__Exercise description__.
Would you reproduce the data below exactly, please, leaving out its images?

[[ Exercise data, beginning ]]

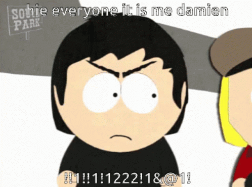 Damien Thorn from South Park announces his presence, saying 'Sophie everyone it is me Damien!'
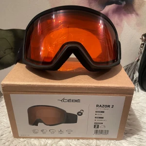 Snygga Cébé Razor 2 skidglasögon med orange lins och svart ram. Är aldrig använda, endast testade så hela orginatförpackningen med tillbehör finns kvar! Den har justerbart band. Nyskick
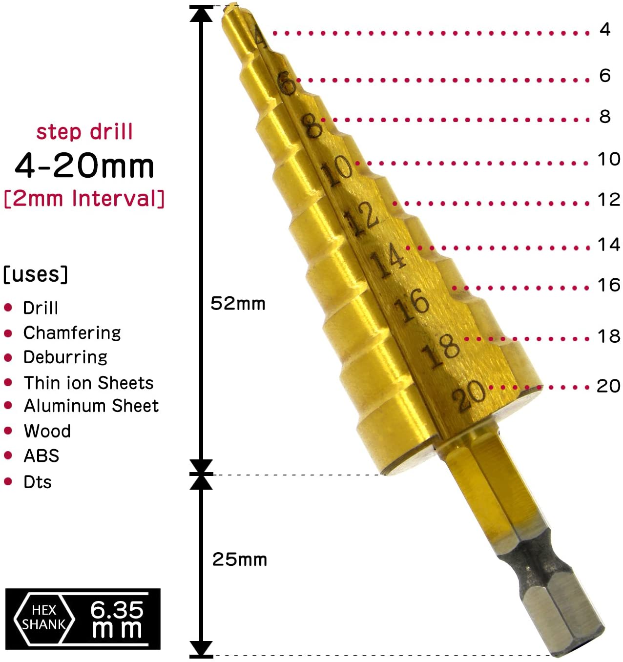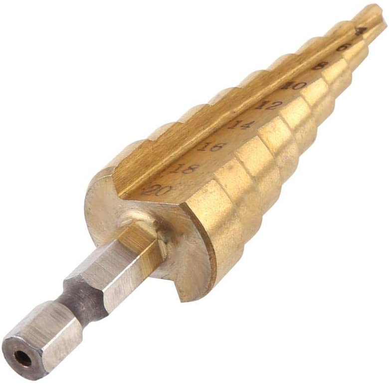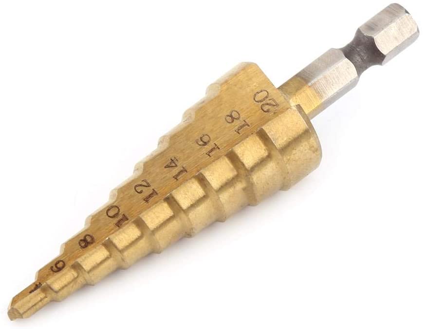 Kωνικό κλιμακωτό τρυπάνι HSS τύπου παγόδα με επικάλυψη νιτριδίου του τιτανίου, είναι κατάλληλο για διάτρηση οπών σε διάφορα υλικά, όπως ανοξείδωτο ατσάλι, ξύλο, λεπτό σίδερο / χαλκό, αλουμίνιο, PVC, ξύλο, πλαστικό κ.λπ.
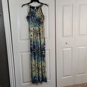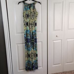 Beautiful maxi dress by Cynthia Rowley. Blue, yellow, purple, green, white, & black abstract print. Faux wrap on chest. Keyholes front & back. Button closure. Has stretch. EUC
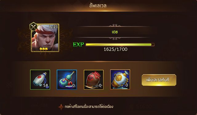 คนเล่นจะสามารถใช้ไอเท็มที่ชื่อ สุรา ในการอัพเลเวลตัวละครได้โดยการกดปุ่มในภาพ โดยตัวละครจะไม่สามารถอัพเลเวลได้เกินกว่าเลเวลของคนเล่น สำหรับตัวละคนที่คนเล่นจะวางไว้เป็นแนวหน้า แนะนำให้อัพให้เต็ม MAX
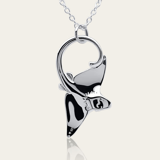 Eagle Ray necklace, Made from highly polished, tarnish resistant silver, double sided pendant, hung on a solid silver chain. © Adrian Ashley
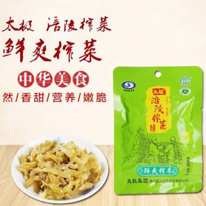 太极涪陵鲜爽榨菜,采用传统技艺与现代工艺完美融合,鲜爽可口、味美香甜、口味独特、深受广大消费者喜爱和争相购买!
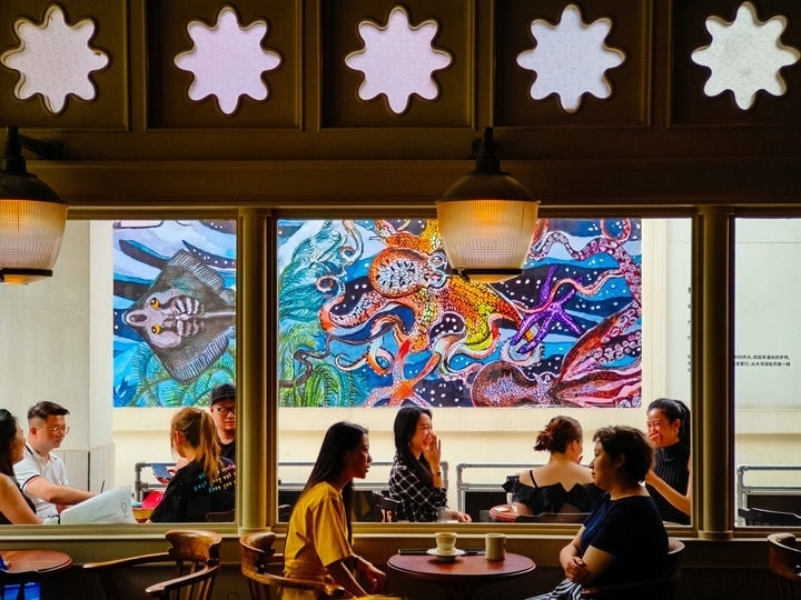 6月21日,人們?cè)诔啥即笤粗醒牍珗@內(nèi)的咖啡館喝咖啡。新華社記者 沈伯韓 攝
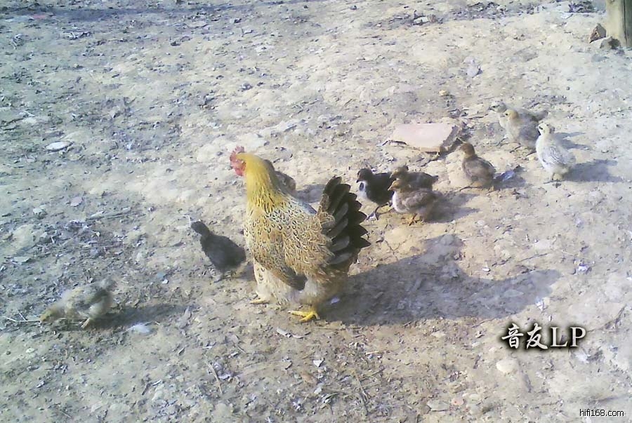祝同好们新年快乐!身体健康!心想事成!得到百色烧友彭兄的热情邀请很久啦,于是,初三约了两位烧友一行三人,带上我前些日子买入的新玩具景丰03音频播放器去百色,按原计划先去百色养鱼朋友的鱼塘吃土鸡,原来养鱼朋友是在田阳养鱼的,去年搬到百色养了,正好离彭兄发烧屋才三四里地更近了.先发一两张在城里少见的 母鸡带小鸡相片给同好们看下.

[[ Exercise data, end ]]

__Task result__.
 Damien Thorn from South Park announces his presence, saying 'Sophie everyone it is me Damien!'
 Snygga Cébé Razor 2 skidglasögon med orange lins och svart ram. Är aldrig använda, endast testade så hela orginatförpackningen med tillbehör finns kvar! Den har justerbart band. Nyskick
 Kωνικό κλιμακωτό τρυπάνι HSS τύπου παγόδα με επικάλυψη νιτριδίου του τιτανίου, είναι κατάλληλο για διάτρηση οπών σε διάφορα υλικά, όπως ανοξείδωτο ατσάλι, ξύλο, λεπτό σίδερο / χαλκό, αλουμίνιο, PVC, ξύλο, πλαστικό κ.λπ.
 Beautiful maxi dress by Cynthia Rowley. Blue, yellow, purple, green, white, & black abstract print. Faux wrap on chest. Keyholes front & back. Button closure. Has stretch. EUC
 คนเล่นจะสามารถใช้ไอเท็มที่ชื่อ สุรา ในการอัพเลเวลตัวละครได้โดยการกดปุ่มในภาพ โดยตัวละครจะไม่สามารถอัพเลเวลได้เกินกว่าเลเวลของคนเล่น สำหรับตัวละคนที่คนเล่นจะวางไว้เป็นแนวหน้า แนะนำให้อัพให้เต็ม MAX
 Eagle Ray necklace, Made from highly polished, tarnish resistant silver, double sided pendant, hung on a solid silver chain. © Adrian Ashley
 太极涪陵鲜爽榨菜,采用传统技艺与现代工艺完美融合,鲜爽可口、味美香甜、口味独特、深受广大消费者喜爱和争相购买!
 6月21日,人們?cè)诔啥即笤粗醒牍珗@內(nèi)的咖啡館喝咖啡。新華社記者 沈伯韓 攝
祝同好们新年快乐!身体健康!心想事成!得到百色烧友彭兄的热情邀请很久啦,于是,初三约了两位烧友一行三人,带上我前些日子买入的新玩具景丰03音频播放器去百色,按原计划先去百色养鱼朋友的鱼塘吃土鸡,原来养鱼朋友是在田阳养鱼的,去年搬到百色养了,正好离彭兄发烧屋才三四里地更近了.先发一两张在城里少见的 母鸡带小鸡相片给同好们看下.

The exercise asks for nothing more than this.